Experimental study on the quantitative evaluation of the thermal stability performance and heat insulation characteristics of fire-fighting foam

Foam extinguishing agents are crucial for the suppression of flammable liquid fires. Their thermal stability performance and heat insulation characteristics are critical indicators to evaluate the efficiency of the fire-fighting foam. There have been some studies focused on exploring the behavior of fire-fighting foams exposed to radiant heating. However, the decay mechanisms and heat transfer behaviors of the foam at the micro-scale are still unclear and require further clarification. Therefore, in this study, the volume reduction coefficient, falling time of foam column height, and the temperature profiles of the foam layer under the thermal radiation environment of different conditions are discussed.

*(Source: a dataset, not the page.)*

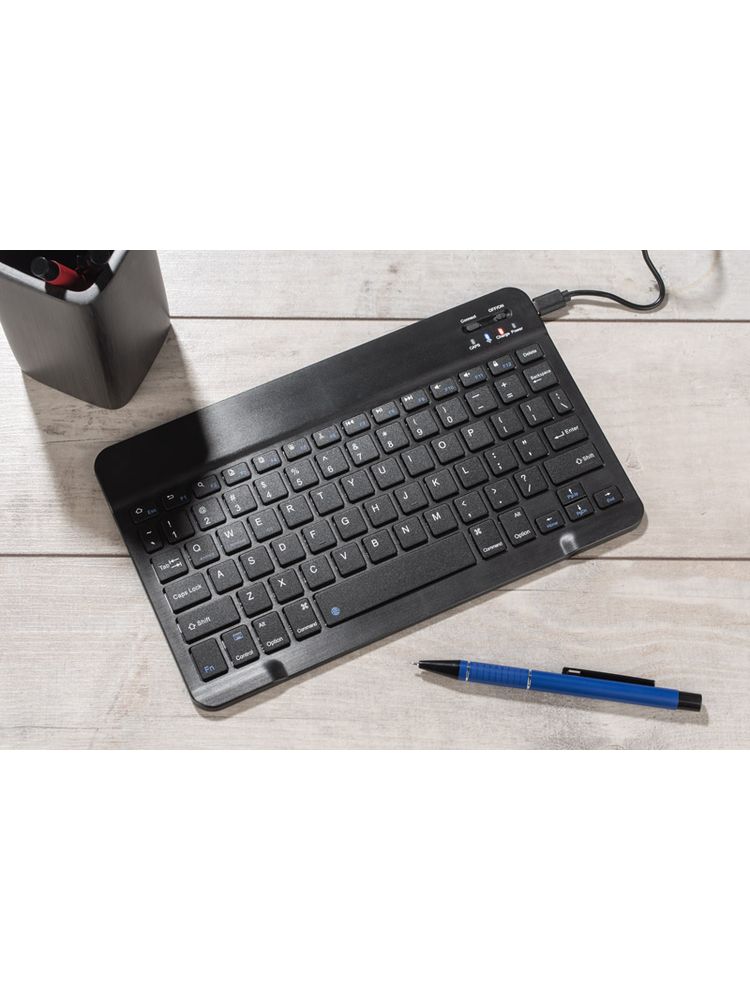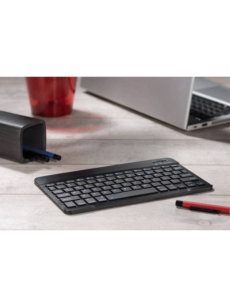 Klawiatura bezprzewodowa KEYGO, to kompaktowa klawiatura o rozmiarach zbliżonych do standardowego tabletu, co sprawia, że jest łatwa do przenoszenia i idealnie nadaje się do pracy w podróży. Niezwykle praktyczną cechą tej klawiatury jest jej długi czas działania na jednym naładowaniu, można korzystać z niej do 36 godzin. Klawiatura współpracuje z systemami iOS, Android, Windows. Połączenie za pomocą Bluetooth 3.0 umożliwi połączenie się z takimi urządzeniami, jak smartfon, tablet i laptop.

The results indicate that the high temperature generated by the radiative heat flux will accelerate the collapse rate of the foam layer. The stability of the foam structure will be seriously damaged. There is a relationship between heat radiation intensity and foam attenuation coefficient. The empirical model for reflecting the fire-fighting foam collapse process under the fire environment with high heat radiation flux is modified. Moreover, the average collapse rate and temperature difference gradient are used to characterize the thermal stability performance and heat insulation characteristics of the foam. Analysis of the micro-scale foam structure parameters from the foam scans has revealed that the thermal stability performance and heat insulation characteristics of the foam are stronger when the surface tension of the foam is within the range of 17.4–20.4 mN/m.